Automatic sprinklers can control fires in most tire storages, but water demands are high. Manual firefighting is valuable, but difficult because of the intense heat and smoke produced.


----------



## Rick18071 (Jun 18, 2019)

Thanks. I need to get more info. It is already an existing tire warehouse without racks. I think they have sprinklers but gave no info.


----------



## cda (Jun 18, 2019)

Well to open the commercial size can of worms,

I would definitely ask for FPE report on the entire place.

Is the sprinkler designed for what is stored and how it is stored.

Buildings with fire sprinklers do burn to the ground. And I would not want to be the one live at five, explain why I signed my name to it!!!!!!
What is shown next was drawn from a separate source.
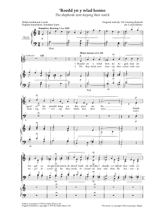 | O DEUED POB CHRISTION - Come all cristians, singing TUA BETHL'EM DREF - Come from ev'ry land SEREN BETHLEHEM - Dark the night OER YW'R GWR SY'N METHU CARU - Deck the hall with boughs of holly 'ROEDD YN Y WLAD HONNO - The shepperds were keepiing their watch |

Just how I work, from a few close calls.


----------



## Insurance Engineer (Jun 18, 2019)

When I was working on the insurance side of the house, my staff of 65 engineers , about 45% of the sprinklered warehouse buildings we looked at the sprinkler system was not adequate for the occupancy!!! Proceed with caution.


----------



## mark handler (Jun 19, 2019)

*The storage of combustible materials in closely packed piles, on pallets, in racks, or on shelves where the top of storage is greater than 12 feet in height.  High-piled combustible storage also includes certain high-hazard commodities, such as rubber tires, Group A plastics, flammable and combustible liquids, idle pallets, and similar commodities where the top of storage is greater than 6 feet in height. CFC 3202 Note: To be considered non-high pile combustible storage for high hazard commodities < 6 feet there cannot be any storage above it.*


----------